● DATASET RECORDS
= Beginning of Section =
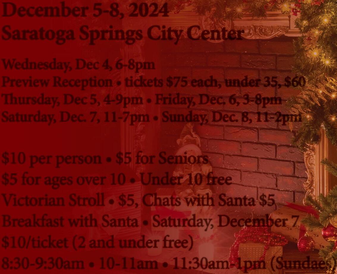 $5 for ages over 10 • Under 10 free Victorian Stroll • $5, Chats with Santa $5 Breakfast with Santa • Saturday, December 7 $10/ticket (2 and under free)
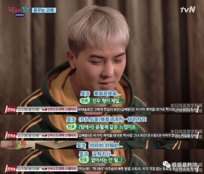 成为WINNER大概是金秦禹的新生。因为善良和责任感,我们看到了作为队内大哥金秦禹的担当。
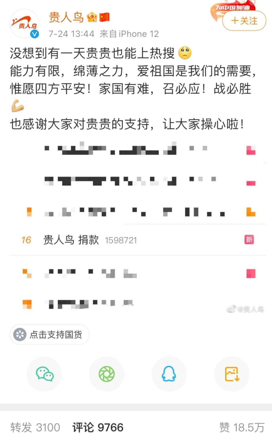 而默默向河南进行物资和资金捐赠的贵人鸟,既没有主动公布自己的捐赠金额也没在微博宣传此事,这种“做好事不留名”的举动一下子击中了网友们的“泪点”。
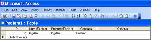 Fig. 31 Popularea grid - ului cu datele unui pacient nou
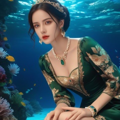 (,1girl, ,best quality, ),,masterpiece, ((((, solo,  , ,solo focus, ,underwater, )))) ,ultra realistic 8k cg,   clean, masterpiece,     cinematic lighting, cinematic bloom,  (( , )),, , unreal, science fiction, luxury, jewelry, diamond, gold, pearl, gem, sapphire, ruby, emerald, intricate detail, delicate pattern, charming, alluring, seductive, erotic,(sit), , enchanting, hair ornament, necklace, earrings, bracelet, armlet,,(cleavage),, <lora:823-DA-XL-国模-恶女-VIVI:0.8>,
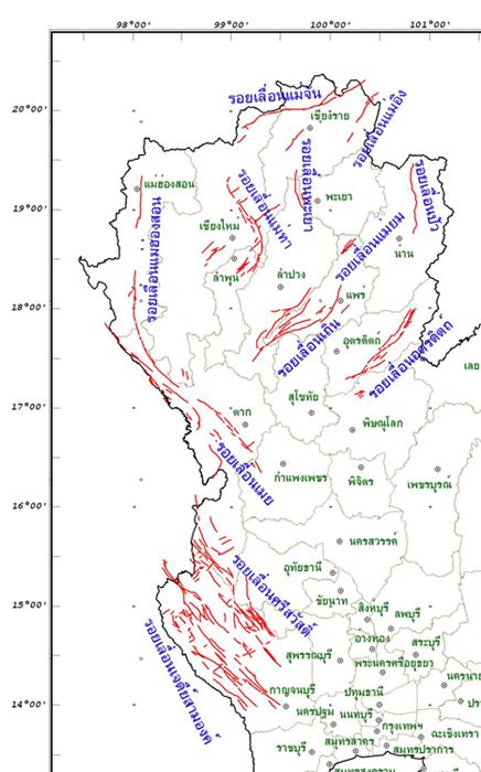 ทั้งนี้ ข้อมูลจากกรมทรัพยากรธรณีระบุรอยเลื่อนมีพลัง 15 รอยเลื่อน ได้แก่
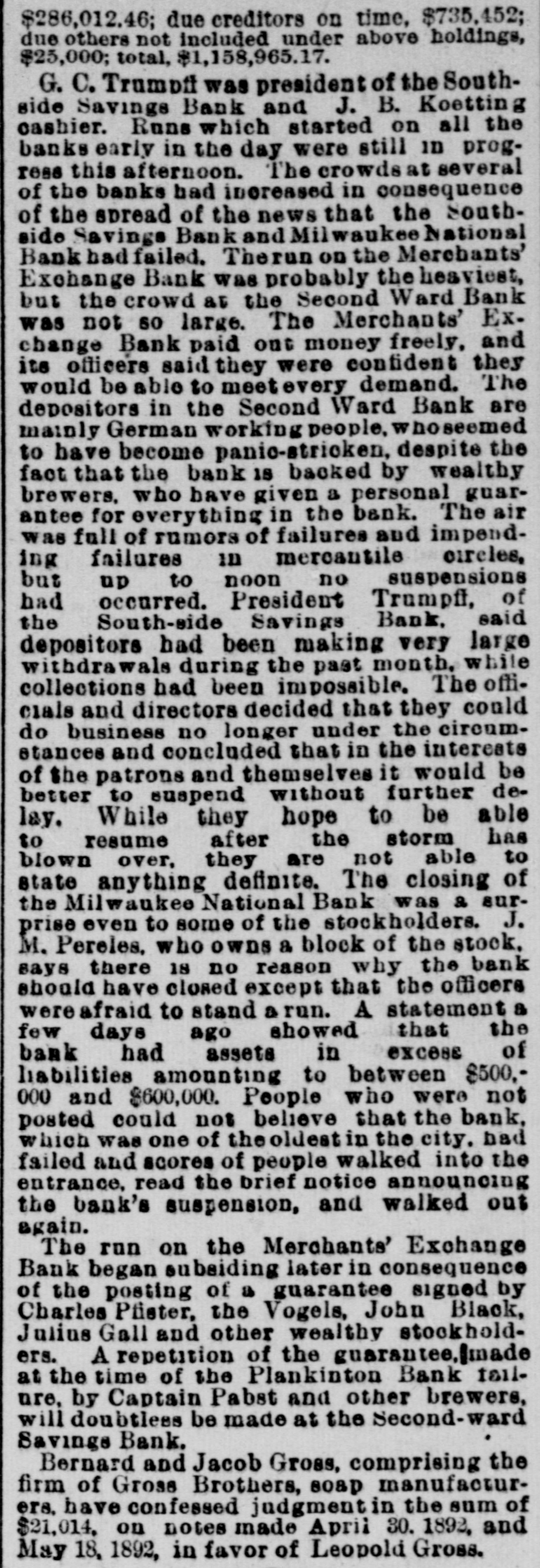 $286,012.46; due creditors on time, $735,452; due others not included under above holdings, $25,000; total, $1,158,965.17. G. C. Trumpff was president of the Southside Savings Bank and J. B. Koetting cashier. Runs which started on all the banks early in the day were still in progress this afternoon. The crowds at several of the banks had increased in consequence of the spread of the news that the Southside Savings Bank and Mil waukee National Bank had failed. Therun on the Merchants' Exchange Bank was probably the heaviest, but the crowd at the Second Ward Bank was not so large. The Merchants' Exchange Bank paid out money freely, and its officers said they were confident they would be able to meet every demand. The depositors in the Second Ward Bank are mainly German working people, whoseemed to have become panio-stricken, despite the fact that the bank 18 backed by wealthy brewers, who have given a personal guarantee for everything in the bank. The air was full of rumors of failures and impending failures in mercantile circles, but up to noon no suspensions had occurred. President Trumpff, of the South-side Savings Bank. said depositors had been making very large withdrawals during the past month. while collections had been impossible. The officials and directors decided that they could do business no longer under the circumstances and concluded that in the interests of the patrons and themselves it would be better to suspend without further delay. While they hope to be able to resume after the storm has blown over, they are not able to state anything definite. The closing of the Milwaukee National Bank was a surprise even to some of the stockholders. J. M. Pereles, who owns a block of the stock. says there 18 no reason why the bank should have closed except that the officers vereafraid to stand a run. A statement a few days ago showed that the bank had assets in excess of liabilities amounting to between $500,000 and $600,000. People who were not posted could not believe that the bank, which was one of the oldest in the city. had failed and scores of people walked into the entrance, read the brief notice announcing the bank's suspension, and walked out again. The run on the Merchants' Exchange Bank began subsiding later in consequence of the posting of a guarantee signed by Charles Pfister, the Vogels, John Black, Julius Gall and other wealthy stockholders. A repetition of the guarantee, made at the time of the Plankinton Bank tailare, by Captain Pabst and other brewers, will doubtlees be made at the Second-ward Savings Bank. Bernard and Jacob Gross, comprising the firm of Gross Brothers, soap manufacturers. have confessed judgment in the sum of $21,014. on notes made April 30. 1892, and May 18,1892, in favor of Leopold Gross.
= End of Section =
● REQUIRED ACTION
Pictures stay out; output the lines from the top of the listing above through the line containing "成为WINNER大概是金秦禹", exactly as they stand.

● RESULT OF THE EXERCISE
 $5 for ages over 10 • Under 10 free Victorian Stroll • $5, Chats with Santa $5 Breakfast with Santa • Saturday, December 7 $10/ticket (2 and under free)
 成为WINNER大概是金秦禹的新生。因为善良和责任感,我们看到了作为队内大哥金秦禹的担当。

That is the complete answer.